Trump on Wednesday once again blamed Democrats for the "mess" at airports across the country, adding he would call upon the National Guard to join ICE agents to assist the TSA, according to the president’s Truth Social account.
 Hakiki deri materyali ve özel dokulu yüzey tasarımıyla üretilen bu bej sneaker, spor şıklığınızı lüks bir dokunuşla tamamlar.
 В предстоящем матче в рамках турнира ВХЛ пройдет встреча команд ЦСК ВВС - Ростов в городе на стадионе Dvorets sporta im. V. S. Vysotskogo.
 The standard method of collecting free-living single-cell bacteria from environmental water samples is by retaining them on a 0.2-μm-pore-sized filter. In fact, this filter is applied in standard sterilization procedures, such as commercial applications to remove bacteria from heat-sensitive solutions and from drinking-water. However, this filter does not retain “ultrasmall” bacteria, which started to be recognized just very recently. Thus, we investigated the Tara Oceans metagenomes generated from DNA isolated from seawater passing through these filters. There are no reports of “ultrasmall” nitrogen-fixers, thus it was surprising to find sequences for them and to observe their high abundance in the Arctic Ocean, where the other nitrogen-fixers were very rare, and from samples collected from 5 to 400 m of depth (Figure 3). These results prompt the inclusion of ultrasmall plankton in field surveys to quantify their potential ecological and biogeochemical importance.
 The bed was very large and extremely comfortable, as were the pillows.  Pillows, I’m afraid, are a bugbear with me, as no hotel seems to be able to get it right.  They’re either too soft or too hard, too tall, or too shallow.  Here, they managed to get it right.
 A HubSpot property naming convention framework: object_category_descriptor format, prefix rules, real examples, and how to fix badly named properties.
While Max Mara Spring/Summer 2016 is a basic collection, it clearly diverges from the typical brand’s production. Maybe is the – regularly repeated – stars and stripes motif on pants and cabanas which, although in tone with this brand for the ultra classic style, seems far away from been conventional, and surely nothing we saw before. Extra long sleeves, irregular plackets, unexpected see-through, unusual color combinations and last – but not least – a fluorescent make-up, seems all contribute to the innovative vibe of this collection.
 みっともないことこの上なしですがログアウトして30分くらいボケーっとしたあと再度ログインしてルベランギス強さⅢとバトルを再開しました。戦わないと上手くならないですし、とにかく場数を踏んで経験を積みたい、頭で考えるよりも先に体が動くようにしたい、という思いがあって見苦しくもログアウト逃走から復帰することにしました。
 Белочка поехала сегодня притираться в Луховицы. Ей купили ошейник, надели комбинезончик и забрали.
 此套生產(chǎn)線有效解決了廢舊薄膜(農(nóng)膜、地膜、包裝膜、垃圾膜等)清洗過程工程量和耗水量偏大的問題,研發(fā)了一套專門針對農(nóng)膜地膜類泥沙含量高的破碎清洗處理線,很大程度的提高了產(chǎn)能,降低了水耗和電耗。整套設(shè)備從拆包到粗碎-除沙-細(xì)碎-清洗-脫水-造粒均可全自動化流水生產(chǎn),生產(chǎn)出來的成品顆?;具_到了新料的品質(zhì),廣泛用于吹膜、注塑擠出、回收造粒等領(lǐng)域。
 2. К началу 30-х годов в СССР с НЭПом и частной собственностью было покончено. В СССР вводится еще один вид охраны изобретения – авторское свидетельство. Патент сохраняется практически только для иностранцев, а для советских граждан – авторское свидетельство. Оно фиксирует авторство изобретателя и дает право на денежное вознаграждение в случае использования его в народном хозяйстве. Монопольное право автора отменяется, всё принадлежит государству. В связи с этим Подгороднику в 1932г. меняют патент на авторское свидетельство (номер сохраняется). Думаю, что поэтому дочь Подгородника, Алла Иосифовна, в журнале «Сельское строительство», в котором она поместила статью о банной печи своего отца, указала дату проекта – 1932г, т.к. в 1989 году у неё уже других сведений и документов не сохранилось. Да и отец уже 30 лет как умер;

......

Action item » What is needed is an exact copy of every entry above.

Solution to this exercise »
Trump on Wednesday once again blamed Democrats for the "mess" at airports across the country, adding he would call upon the National Guard to join ICE agents to assist the TSA, according to the president’s Truth Social account.
 Hakiki deri materyali ve özel dokulu yüzey tasarımıyla üretilen bu bej sneaker, spor şıklığınızı lüks bir dokunuşla tamamlar.
 В предстоящем матче в рамках турнира ВХЛ пройдет встреча команд ЦСК ВВС - Ростов в городе на стадионе Dvorets sporta im. V. S. Vysotskogo.
 The standard method of collecting free-living single-cell bacteria from environmental water samples is by retaining them on a 0.2-μm-pore-sized filter. In fact, this filter is applied in standard sterilization procedures, such as commercial applications to remove bacteria from heat-sensitive solutions and from drinking-water. However, this filter does not retain “ultrasmall” bacteria, which started to be recognized just very recently. Thus, we investigated the Tara Oceans metagenomes generated from DNA isolated from seawater passing through these filters. There are no reports of “ultrasmall” nitrogen-fixers, thus it was surprising to find sequences for them and to observe their high abundance in the Arctic Ocean, where the other nitrogen-fixers were very rare, and from samples collected from 5 to 400 m of depth (Figure 3). These results prompt the inclusion of ultrasmall plankton in field surveys to quantify their potential ecological and biogeochemical importance.
 The bed was very large and extremely comfortable, as were the pillows.  Pillows, I’m afraid, are a bugbear with me, as no hotel seems to be able to get it right.  They’re either too soft or too hard, too tall, or too shallow.  Here, they managed to get it right.
 A HubSpot property naming convention framework: object_category_descriptor format, prefix rules, real examples, and how to fix badly named properties.
While Max Mara Spring/Summer 2016 is a basic collection, it clearly diverges from the typical brand’s production. Maybe is the – regularly repeated – stars and stripes motif on pants and cabanas which, although in tone with this brand for the ultra classic style, seems far away from been conventional, and surely nothing we saw before. Extra long sleeves, irregular plackets, unexpected see-through, unusual color combinations and last – but not least – a fluorescent make-up, seems all contribute to the innovative vibe of this collection.
 みっともないことこの上なしですがログアウトして30分くらいボケーっとしたあと再度ログインしてルベランギス強さⅢとバトルを再開しました。戦わないと上手くならないですし、とにかく場数を踏んで経験を積みたい、頭で考えるよりも先に体が動くようにしたい、という思いがあって見苦しくもログアウト逃走から復帰することにしました。
 Белочка поехала сегодня притираться в Луховицы. Ей купили ошейник, надели комбинезончик и забрали.
 此套生產(chǎn)線有效解決了廢舊薄膜(農(nóng)膜、地膜、包裝膜、垃圾膜等)清洗過程工程量和耗水量偏大的問題,研發(fā)了一套專門針對農(nóng)膜地膜類泥沙含量高的破碎清洗處理線,很大程度的提高了產(chǎn)能,降低了水耗和電耗。整套設(shè)備從拆包到粗碎-除沙-細(xì)碎-清洗-脫水-造粒均可全自動化流水生產(chǎn),生產(chǎn)出來的成品顆?;具_到了新料的品質(zhì),廣泛用于吹膜、注塑擠出、回收造粒等領(lǐng)域。
 2. К началу 30-х годов в СССР с НЭПом и частной собственностью было покончено. В СССР вводится еще один вид охраны изобретения – авторское свидетельство. Патент сохраняется практически только для иностранцев, а для советских граждан – авторское свидетельство. Оно фиксирует авторство изобретателя и дает право на денежное вознаграждение в случае использования его в народном хозяйстве. Монопольное право автора отменяется, всё принадлежит государству. В связи с этим Подгороднику в 1932г. меняют патент на авторское свидетельство (номер сохраняется). Думаю, что поэтому дочь Подгородника, Алла Иосифовна, в журнале «Сельское строительство», в котором она поместила статью о банной печи своего отца, указала дату проекта – 1932г, т.к. в 1989 году у неё уже других сведений и документов не сохранилось. Да и отец уже 30 лет как умер;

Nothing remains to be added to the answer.